Yuan Li-Xia, Zhao Na, Wang Xiu-Qin, Lv Ya-Ting, He Hongjian
Center for Cognition and Brain Disorders, The Affiliated Hospital of Hangzhou Normal University, Hangzhou, China.
Institute of Psychological Sciences, Hangzhou Normal University, Hangzhou, China.
Front Neurosci. 2021 Mar 16;15:619412. doi: 10.3389/fnins.2021.619412. eCollection 2021.
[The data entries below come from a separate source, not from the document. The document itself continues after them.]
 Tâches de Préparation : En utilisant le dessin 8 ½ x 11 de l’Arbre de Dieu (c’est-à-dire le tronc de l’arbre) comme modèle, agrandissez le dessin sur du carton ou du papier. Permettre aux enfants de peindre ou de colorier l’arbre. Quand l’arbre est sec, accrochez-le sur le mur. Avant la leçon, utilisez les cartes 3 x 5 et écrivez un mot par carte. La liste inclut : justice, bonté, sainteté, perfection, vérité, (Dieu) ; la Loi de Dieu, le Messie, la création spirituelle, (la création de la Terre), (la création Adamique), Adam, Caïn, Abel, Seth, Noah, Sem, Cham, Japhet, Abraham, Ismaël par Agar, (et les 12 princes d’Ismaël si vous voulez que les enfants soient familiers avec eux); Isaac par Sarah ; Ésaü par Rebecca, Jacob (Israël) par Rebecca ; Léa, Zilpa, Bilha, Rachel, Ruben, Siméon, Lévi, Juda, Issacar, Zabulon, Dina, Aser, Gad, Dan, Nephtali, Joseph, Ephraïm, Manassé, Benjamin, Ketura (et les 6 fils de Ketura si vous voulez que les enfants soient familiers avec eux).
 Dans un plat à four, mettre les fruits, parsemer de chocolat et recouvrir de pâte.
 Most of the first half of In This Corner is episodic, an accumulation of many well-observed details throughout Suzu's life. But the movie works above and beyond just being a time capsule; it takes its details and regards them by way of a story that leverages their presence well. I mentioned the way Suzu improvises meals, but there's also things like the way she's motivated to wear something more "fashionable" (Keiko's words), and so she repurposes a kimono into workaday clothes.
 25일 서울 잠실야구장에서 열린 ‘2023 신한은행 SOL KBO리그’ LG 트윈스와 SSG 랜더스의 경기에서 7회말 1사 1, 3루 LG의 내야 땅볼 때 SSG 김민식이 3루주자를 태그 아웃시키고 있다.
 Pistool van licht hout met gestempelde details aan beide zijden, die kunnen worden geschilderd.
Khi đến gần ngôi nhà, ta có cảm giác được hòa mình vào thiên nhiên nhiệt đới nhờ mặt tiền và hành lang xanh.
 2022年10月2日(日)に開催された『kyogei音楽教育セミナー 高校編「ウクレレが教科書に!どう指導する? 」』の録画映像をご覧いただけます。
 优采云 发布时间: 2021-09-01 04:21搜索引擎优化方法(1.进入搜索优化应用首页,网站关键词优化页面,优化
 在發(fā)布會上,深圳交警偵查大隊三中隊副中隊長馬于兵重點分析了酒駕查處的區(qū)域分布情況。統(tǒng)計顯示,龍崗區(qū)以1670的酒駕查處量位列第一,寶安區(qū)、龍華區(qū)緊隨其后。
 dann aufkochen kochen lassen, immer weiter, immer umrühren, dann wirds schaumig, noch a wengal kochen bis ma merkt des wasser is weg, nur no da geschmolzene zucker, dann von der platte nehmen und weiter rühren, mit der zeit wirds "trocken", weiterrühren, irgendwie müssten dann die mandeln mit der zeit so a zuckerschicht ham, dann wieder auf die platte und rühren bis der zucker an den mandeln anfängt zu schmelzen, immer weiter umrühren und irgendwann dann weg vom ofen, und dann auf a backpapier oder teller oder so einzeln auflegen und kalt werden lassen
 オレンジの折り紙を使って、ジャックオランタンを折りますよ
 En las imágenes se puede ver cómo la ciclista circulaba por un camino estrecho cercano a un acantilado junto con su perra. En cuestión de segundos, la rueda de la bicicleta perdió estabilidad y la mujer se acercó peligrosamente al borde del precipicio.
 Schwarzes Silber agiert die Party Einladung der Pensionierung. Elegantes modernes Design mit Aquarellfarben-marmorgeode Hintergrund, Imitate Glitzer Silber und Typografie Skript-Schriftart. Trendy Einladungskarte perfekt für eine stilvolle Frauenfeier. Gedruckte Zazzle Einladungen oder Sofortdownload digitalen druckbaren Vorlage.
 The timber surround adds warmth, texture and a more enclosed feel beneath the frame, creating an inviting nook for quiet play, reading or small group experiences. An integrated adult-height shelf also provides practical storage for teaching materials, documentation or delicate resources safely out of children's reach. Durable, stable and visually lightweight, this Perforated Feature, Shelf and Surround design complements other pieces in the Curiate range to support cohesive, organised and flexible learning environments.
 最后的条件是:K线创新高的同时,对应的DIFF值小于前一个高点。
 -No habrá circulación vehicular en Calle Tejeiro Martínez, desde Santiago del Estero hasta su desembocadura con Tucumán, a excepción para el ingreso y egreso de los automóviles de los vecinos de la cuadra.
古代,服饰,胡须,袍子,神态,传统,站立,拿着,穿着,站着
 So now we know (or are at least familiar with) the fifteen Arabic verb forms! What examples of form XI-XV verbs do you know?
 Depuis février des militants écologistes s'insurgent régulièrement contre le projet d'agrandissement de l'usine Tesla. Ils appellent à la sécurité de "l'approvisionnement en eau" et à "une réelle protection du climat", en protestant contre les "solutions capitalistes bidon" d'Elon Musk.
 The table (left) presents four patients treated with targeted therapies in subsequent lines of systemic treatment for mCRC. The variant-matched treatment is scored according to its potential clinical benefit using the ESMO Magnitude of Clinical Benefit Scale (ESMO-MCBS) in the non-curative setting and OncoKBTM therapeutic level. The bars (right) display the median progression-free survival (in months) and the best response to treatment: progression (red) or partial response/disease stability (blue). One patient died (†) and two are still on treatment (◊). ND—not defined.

Local activity metrics of resting-state functional MRI (RS-fMRI), such as the amplitude of low-frequency fluctuation (ALFF), fractional ALFF (fALFF), regional homogeneity (ReHo), and degree centrality (DC), are widely used to detect brain abnormalities based on signal fluctuations. Although signal changes with echo time (TE) have been widely studied, the effect of TE on local activity metrics has not been investigated. RS-fMRI datasets from 12 healthy subjects with eyes open (EO) and eyes closed (EC) were obtained with a four-echo gradient-echo-planar imaging pulse sequence with the following parameters: repetition time/TE1/TE2/TE3/TE4 = 2,000/13/30.93/48.86/66.79 ms. Six representative regions were selected for simulating the spatial feature of TE dependency of local activity metrics. Moreover, whole-brain local activity metrics were calculated from each echo dataset and compared between EO and EC conditions. Dice overlap coefficient (DOC) was then employed to calculate the overlap between the maps. We found that all the local activity metrics displayed different TE dependency characteristics, while their overall change patterns were similar: an initial large change followed by a slow variation. The maps for local activity metrics also varied greatly with TE. For ALFF, fALFF, ReHo, and DC, the DOCs for voxels in four TE datasets were 6.87, 0.73, 5.08, and 0.93%, respectively. Collectively, these findings demonstrate that local metrics are greatly dependent on TE. Therefore, TE should be carefully considered for the optimization of data acquisition and multi-center data analysis in RS-fMRI.
静息态功能磁共振成像(RS-fMRI)的局部活动指标,如低频波动幅度(ALFF)、分数ALFF(fALFF)、局部一致性(ReHo)和度中心性(DC),被广泛用于基于信号波动检测脑异常。尽管回波时间(TE)对信号变化的影响已得到广泛研究,但TE对局部活动指标的影响尚未得到研究。使用具有以下参数的四回波梯度回波平面成像脉冲序列,获得了12名健康受试者睁眼(EO)和闭眼(EC)状态下的RS-fMRI数据集:重复时间/TE1/TE2/TE3/TE4 = 2000/13/30.93/48.86/66.79毫秒。选择六个代表性区域来模拟局部活动指标的TE依赖性空间特征。此外,从每个回波数据集中计算全脑局部活动指标,并在EO和EC条件之间进行比较。然后使用骰子重叠系数(DOC)来计算图谱之间的重叠。我们发现,所有局部活动指标都表现出不同的TE依赖性特征,但其总体变化模式相似:最初变化较大,随后变化缓慢。局部活动指标的图谱也随TE有很大变化。对于ALFF、fALFF、ReHo和DC,四个TE数据集中体素的DOC分别为6.87%、0.73%、5.08%和0.93%。总体而言,这些发现表明局部指标在很大程度上依赖于TE。因此,在RS-fMRI的数据采集优化和多中心数据分析中应仔细考虑TE。